The NVE (Network Virtualization Edge) interface is the VTEP (VXLAN Tunnel Endpoint) that handles encapsulation and decapsulation:

dc01-r01-leaf01# show interface nve 1
nve1 is up
admin state is up,  Hardware: NVE
  MTU 9216 bytes
  Encapsulation VXLAN
  Auto-mdix is turned off
  RX
    ucast: 0 pkts, 0 bytes - mcast: 0 pkts, 0 bytes
  TX
    ucast: 0 pkts, 0 bytes - mcast: 0 pkts, 0 bytes
 

What to look for: The NVE interface should be up with the proper source interface configured.

For VPC deployments, verify both switches in the pair:

dc01-r01-leaf01# show nve interface nve 1
Interface: nve1, State: Up, encapsulation: VXLAN
 VPC Capability: VPC-VIP-Only [notified]
 Local Router MAC: 5003.0000.1b08
 Host Learning Mode: Control-Plane
 Source-Interface: loopback0 (primary: 10.255.255.3, secondary: 10.255.255.101)
 

Key insight: For VPC pairs, note the secondary IP address that serves as the common VTEP IP for both switches.
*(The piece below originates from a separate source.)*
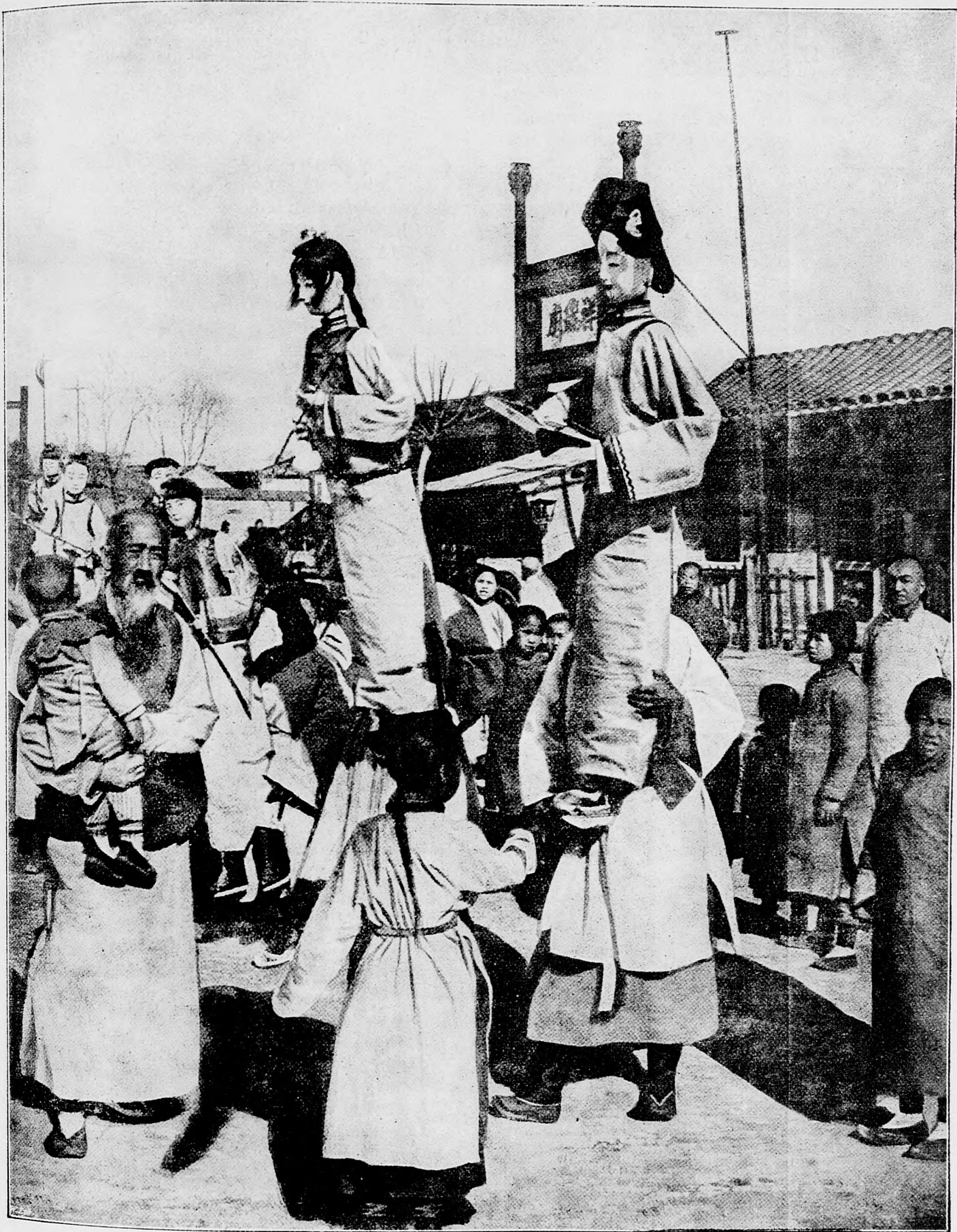
Čínsky pohrüb, slútkami mrtvého predstavujúcimi.

C. Check VNI Mappings and Status

VNIs (VXLAN Network Identifiers) are mapped to VLANs (for L2 VNIs) or VRFs (for L3 VNIs):

dc01-r02-leaf01# show nve vni
Codes: CP - Control Plane        DP - Data Plane          
       UC - Unconfigured         SA - Suppress ARP        
       SU - Suppress Unknown Unicast 
       Xconn - Crossconnect      
       MS-IR - Multisite Ingress Replication
Interface VNI      Multicast-group   State Mode Type [BD/VRF]      Flags
--------- -------- ----------------- ----- ---- ------------------ -----
nve1      900100   UnicastBGP        Up    CP   L2 [100]                
nve1      900101   UnicastBGP        Up    CP   L2 [101]                
nve1      9003911  n/a               Up    CP   L3 [DB]
 

What to look for: All VNIs should show Up state with the correct mode (typically CP for Control Plane).
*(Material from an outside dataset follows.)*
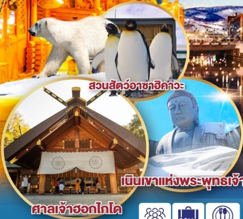
สวนสัตว์อาซาฮิกาวะ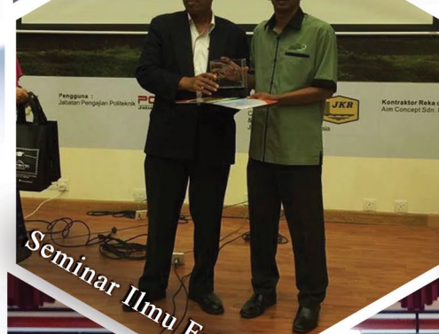
Seminar Ilmu Falak

For detailed information about specific VNIs:

dc01-r02-leaf01# show nve vni 900100 detail 
VNI: 900100 
  NVE-Interface       : nve1
  Mcast-Addr          : UnicastBGP
  VNI State           : Up
  Mode                : control-plane
  VNI Type            : L2 [100]
  VNI Flags           : 
  Provision State     : vni-add-complete
  Vlan-BD             : 100
  SVI State           : n/a

Critical check: The Provision State should show vni-add-complete, indicating successful configuration.

3. Verify VTEP Peering

Examine NVE peering to ensure proper connectivity between VTEPs:

dc01-r02-leaf01# show nve peers 
Interface Peer-IP                                 State LearnType Uptime   Router-Mac       
--------- --------------------------------------  ----- --------- -------- -----------------
nve1      10.255.255.6                            Up    CP        3w6d     5006.0000.1b08   
nve1      10.255.255.101                          Up    CP        4w4d     0200.0aff.ff65
 

Important note: NVE peers only show as Up when EVPN routes are learned from that peer. The absence of a peer doesn't necessarily indicate a problem if no shared VNIs exist.
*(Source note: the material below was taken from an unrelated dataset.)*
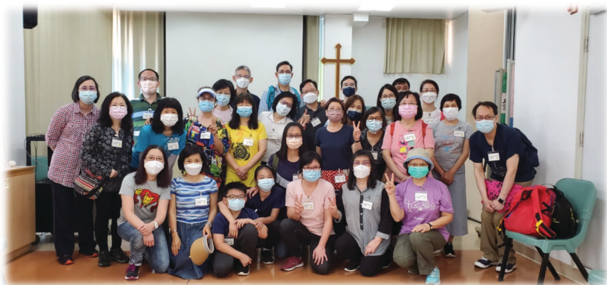
受苦節外展佈道行動出隊前合照

與神和好，經歷小兒子被父親接納的擁抱！（路十五20：「相離還遠，他父親看見，就動了慈心，跑去擁抱他，連連親他。」）

4. Examine BGP EVPN Routes

The final and most detailed verification is examining the BGP EVPN routes:

dc01-r01-leaf01# show bgp l2vpn evpn vni 9003911
BGP routing table information for VRF default, address family L2VPN EVPN
BGP table version is 19504, Local Router ID is 10.255.255.3
Status: s-suppressed, x-deleted, S-stale, d-dampened, h-history, *-valid, >-best
Path type: i-internal, e-external, c-confed, l-local, a-aggregate, r-redist, I-injected
Origin codes: i - IGP, e - EGP, ? - incomplete, | - multipath, & - backup, 2 - best2
 
   Network            Next Hop            Metric     LocPrf     Weight Path
Route Distinguisher: 10.255.255.3:3    (L3VNI 9003911)
*>l[2]:[0]:[0]:[48]:[5003.0000.1b08]:[0]:[0.0.0.0]/216
                      10.255.255.101                    100      32768 i
 
What to check:
  • Valid routes (marked with * and >)
  • Proper RD (Route Distinguisher) and RT (Route Target) values
  • Expected route types for your use case:
    • Type 2 routes for MAC/IP learning
    • Type 3 routes for multicast
    • Type 5 routes for IP prefix advertisement

For detailed inspection of specific routes:

dc01-r01-leaf01# show bgp l2vpn evpn 10.10.101.17 vrf DB
Route Distinguisher: 10.255.255.3:3    (L3VNI 9003911)
BGP routing table entry for [2]:[0]:[0]:[48]:[5001.0011.0000]:[32]:[10.10.101.17]/272, version 2495
Paths: (2 available, best #1)
Flags: (0x000202) (high32 00000000) on xmit-list, is not in l2rib/evpn, is not in HW
Multipath: iBGP
  Advertised path-id 1
  Path type: internal, path is valid, is best path, no labeled nexthop
             Imported from 10.255.255.5:32868:[2]:[0]:[0]:[48]:[5001.0011.0000]:[32]:[10.10.101.17]/272
 

Advanced verification: Check for proper import/export of routes, correct extended communities (RT values), and EVPN encapsulation types.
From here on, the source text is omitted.